◆ **TASK STATEMENT**: The required output is a verbatim transcription of the listing, pictures excluded.

◆ **GIVEN INFORMATION**:
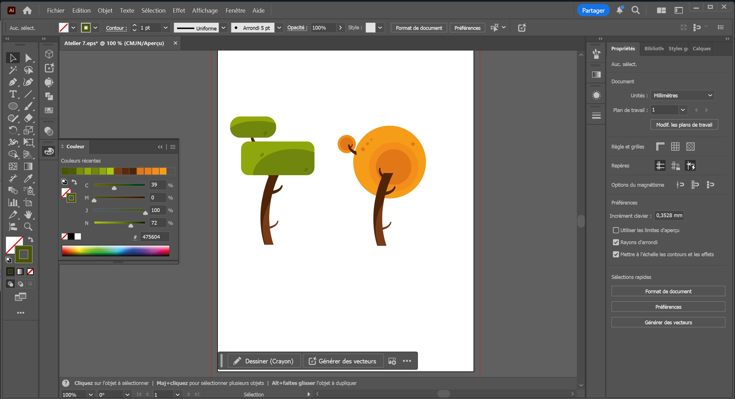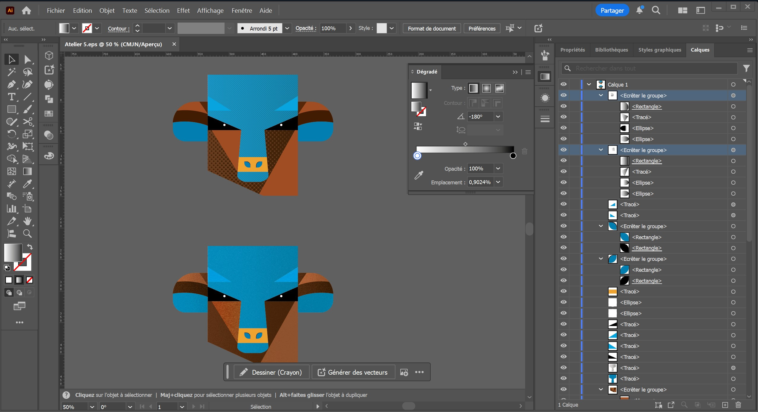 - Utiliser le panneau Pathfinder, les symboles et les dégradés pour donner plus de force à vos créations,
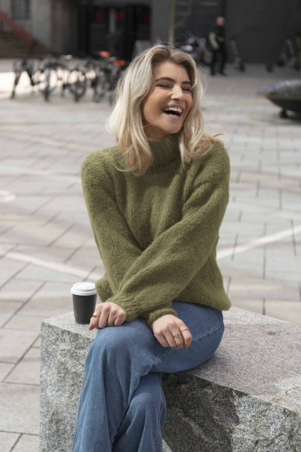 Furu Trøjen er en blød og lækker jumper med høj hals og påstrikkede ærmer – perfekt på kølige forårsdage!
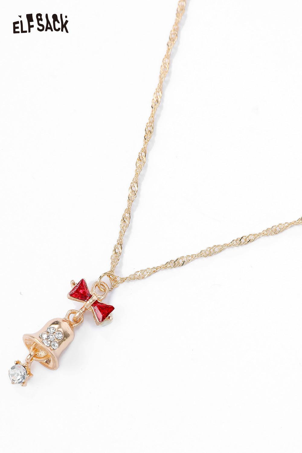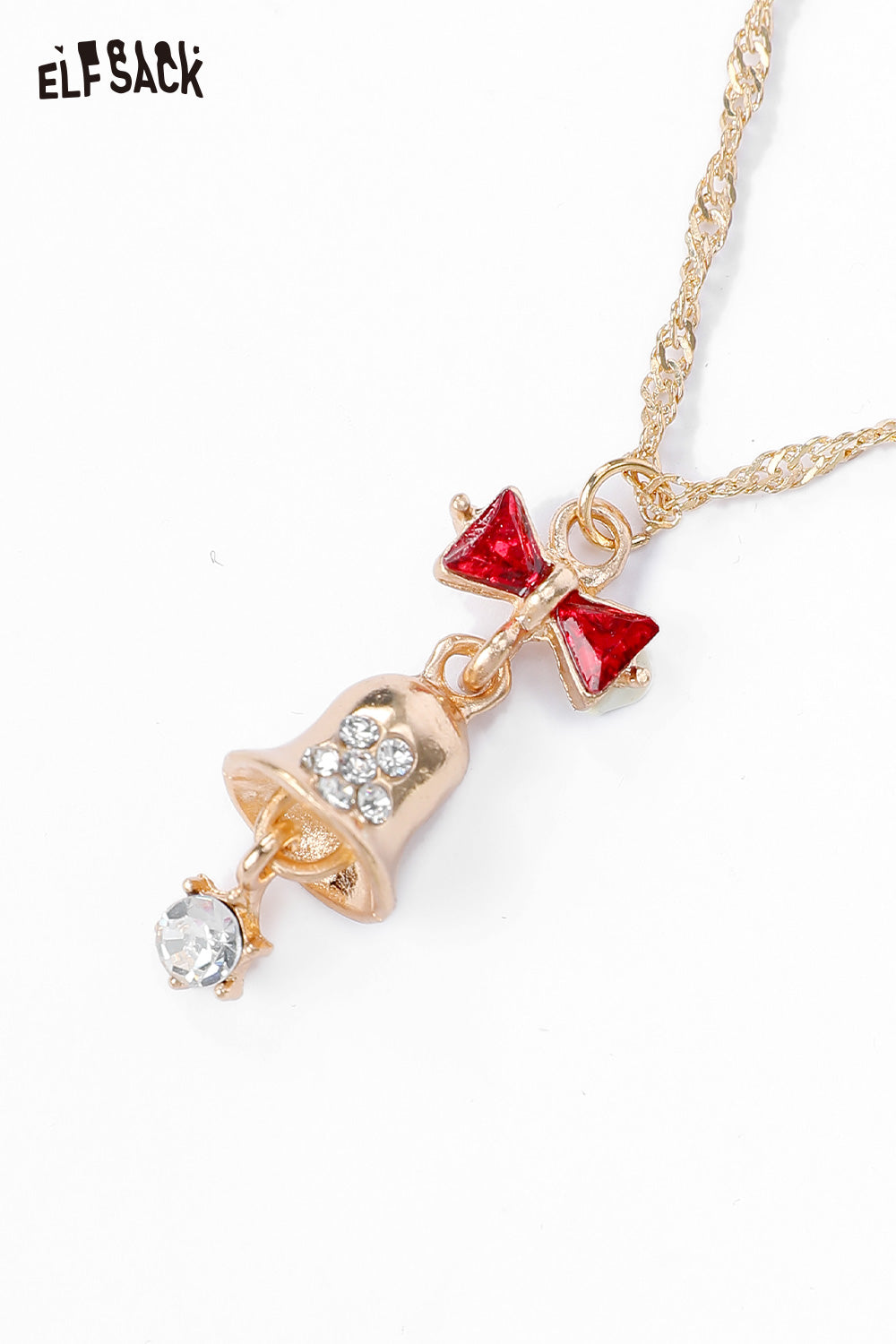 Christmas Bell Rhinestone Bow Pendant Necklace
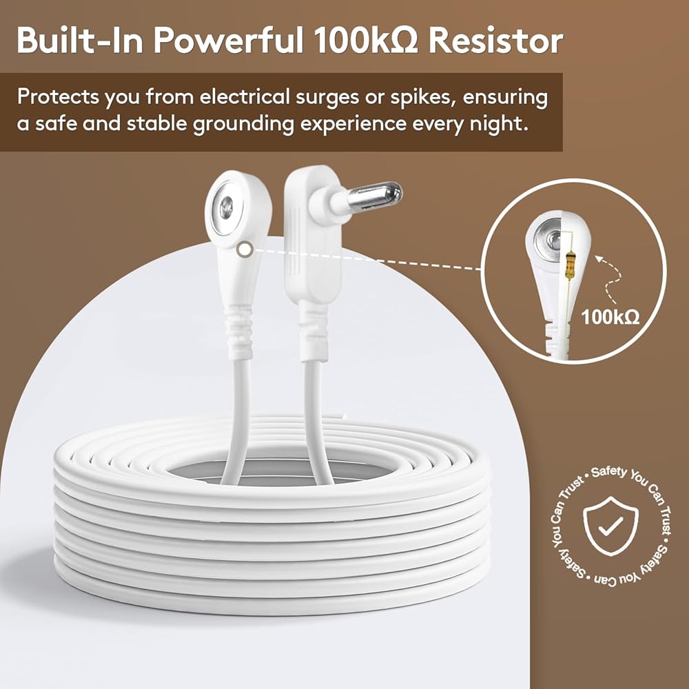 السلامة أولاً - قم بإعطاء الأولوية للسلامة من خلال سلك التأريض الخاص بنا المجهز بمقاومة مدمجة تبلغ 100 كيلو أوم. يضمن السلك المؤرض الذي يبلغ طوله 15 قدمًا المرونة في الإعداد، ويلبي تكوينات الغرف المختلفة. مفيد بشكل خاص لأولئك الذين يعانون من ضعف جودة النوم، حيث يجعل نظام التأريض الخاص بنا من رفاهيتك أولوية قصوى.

◆ **TASK RESULT**:
 - Utiliser le panneau Pathfinder, les symboles et les dégradés pour donner plus de force à vos créations,
 Furu Trøjen er en blød og lækker jumper med høj hals og påstrikkede ærmer – perfekt på kølige forårsdage!
 Christmas Bell Rhinestone Bow Pendant Necklace
 السلامة أولاً - قم بإعطاء الأولوية للسلامة من خلال سلك التأريض الخاص بنا المجهز بمقاومة مدمجة تبلغ 100 كيلو أوم. يضمن السلك المؤرض الذي يبلغ طوله 15 قدمًا المرونة في الإعداد، ويلبي تكوينات الغرف المختلفة. مفيد بشكل خاص لأولئك الذين يعانون من ضعف جودة النوم، حيث يجعل نظام التأريض الخاص بنا من رفاهيتك أولوية قصوى.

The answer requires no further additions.